▶ Data extract:

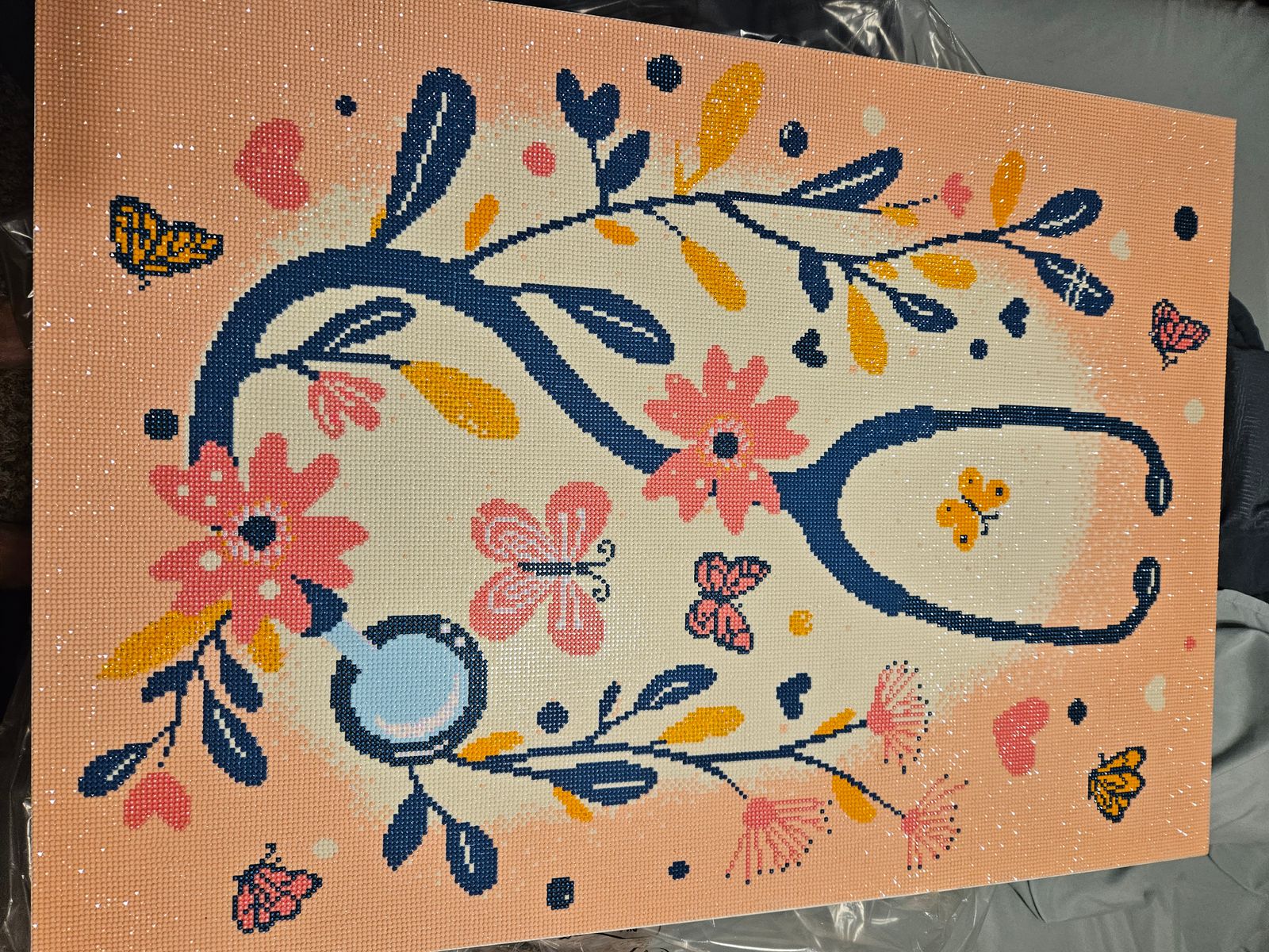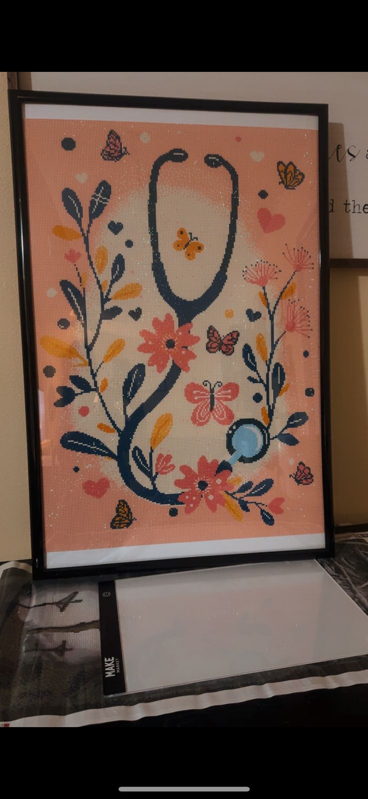 This was a wonderful picture to do. Loved doing it. The color bocking really didn't bother me that much. This only had a handful of colors which is a big change. The one thing I did enjoy was no 310s. I needed a break from those dark colors. Made this for my daughter who just got accepted into Nursing School. Now to frame and hang.
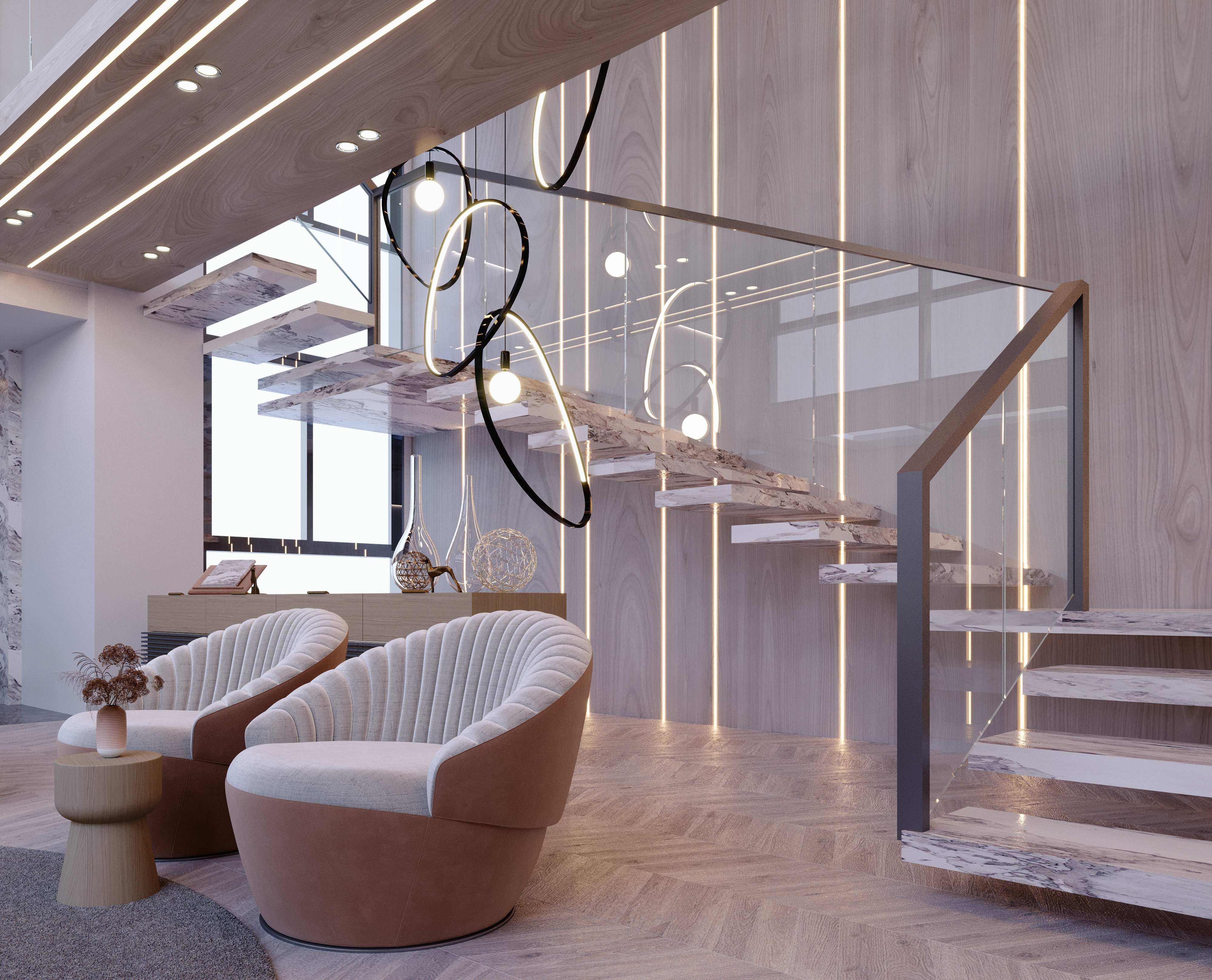 - الإضاءة الذكية: وزع الإضاءة بين وحدات السقف أو إنارة معلقة والأباجورات لتوضيح كل منطقة على حدة.
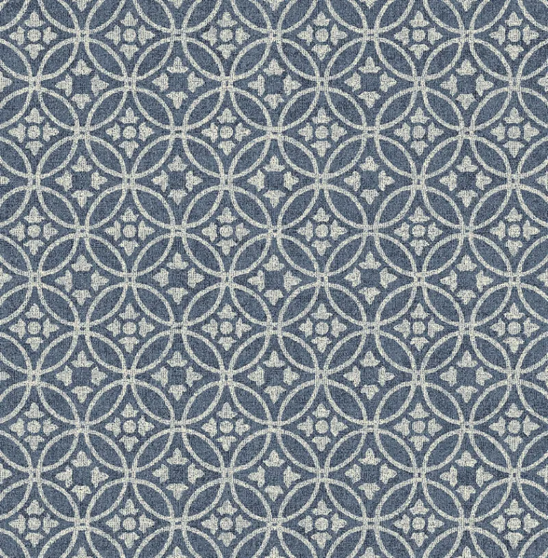 Add charming craftsman styling to your home with this geometric wallpaper! The rich navy background is stamped with a grid of white, overlapping circles accented with a simple floral embellishment. Larsson is an unpasted, non woven wallpaper.
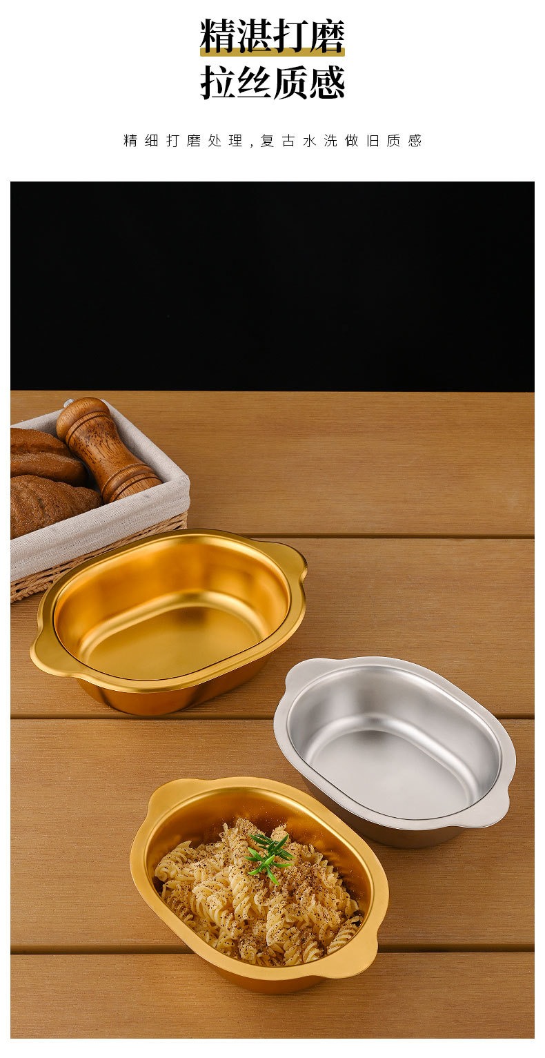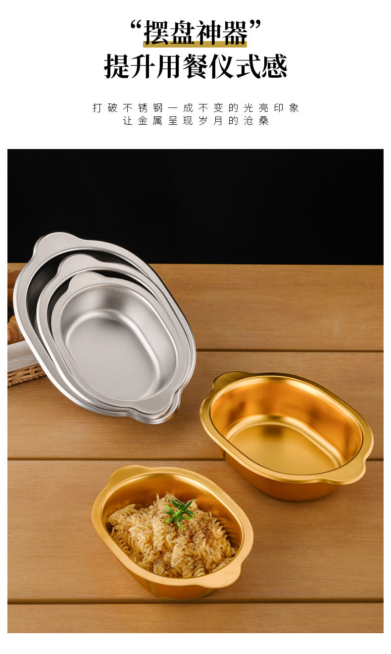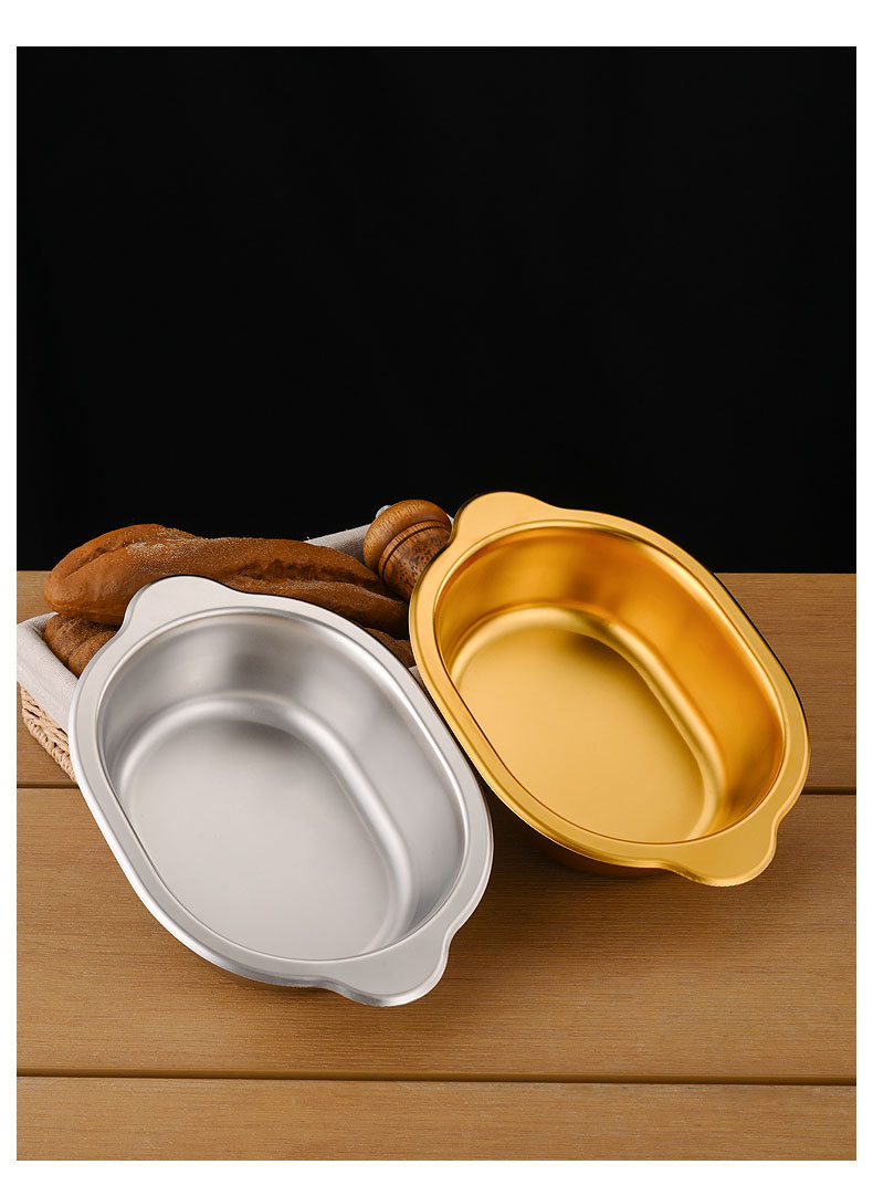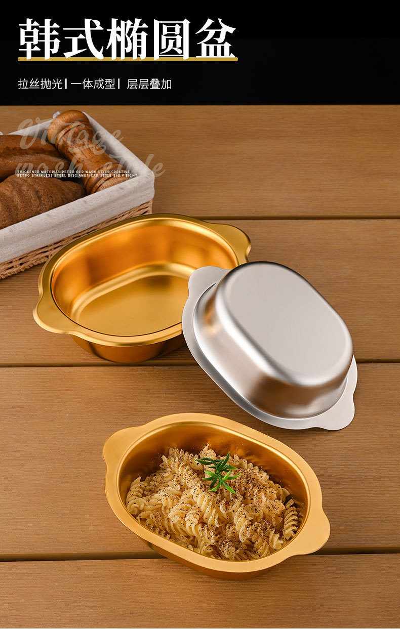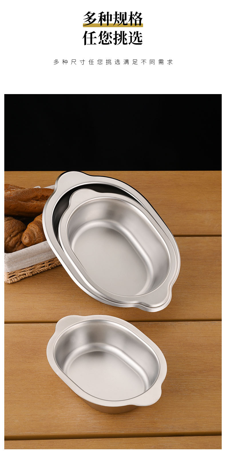 한국식 스테인레스 스틸 타원형 분지 풀 분지 건조 포트 상업용 이중 이어 그릇 프라이드 치킨 플레이트 평평한 바닥 샐러드 그릇 스낵 분지

▶ Your goal:
Everything in the listing above except the pictures should be duplicated exactly.

▶ Exercise answer:
 This was a wonderful picture to do. Loved doing it. The color bocking really didn't bother me that much. This only had a handful of colors which is a big change. The one thing I did enjoy was no 310s. I needed a break from those dark colors. Made this for my daughter who just got accepted into Nursing School. Now to frame and hang.
 - الإضاءة الذكية: وزع الإضاءة بين وحدات السقف أو إنارة معلقة والأباجورات لتوضيح كل منطقة على حدة.
 Add charming craftsman styling to your home with this geometric wallpaper! The rich navy background is stamped with a grid of white, overlapping circles accented with a simple floral embellishment. Larsson is an unpasted, non woven wallpaper.
 한국식 스테인레스 스틸 타원형 분지 풀 분지 건조 포트 상업용 이중 이어 그릇 프라이드 치킨 플레이트 평평한 바닥 샐러드 그릇 스낵 분지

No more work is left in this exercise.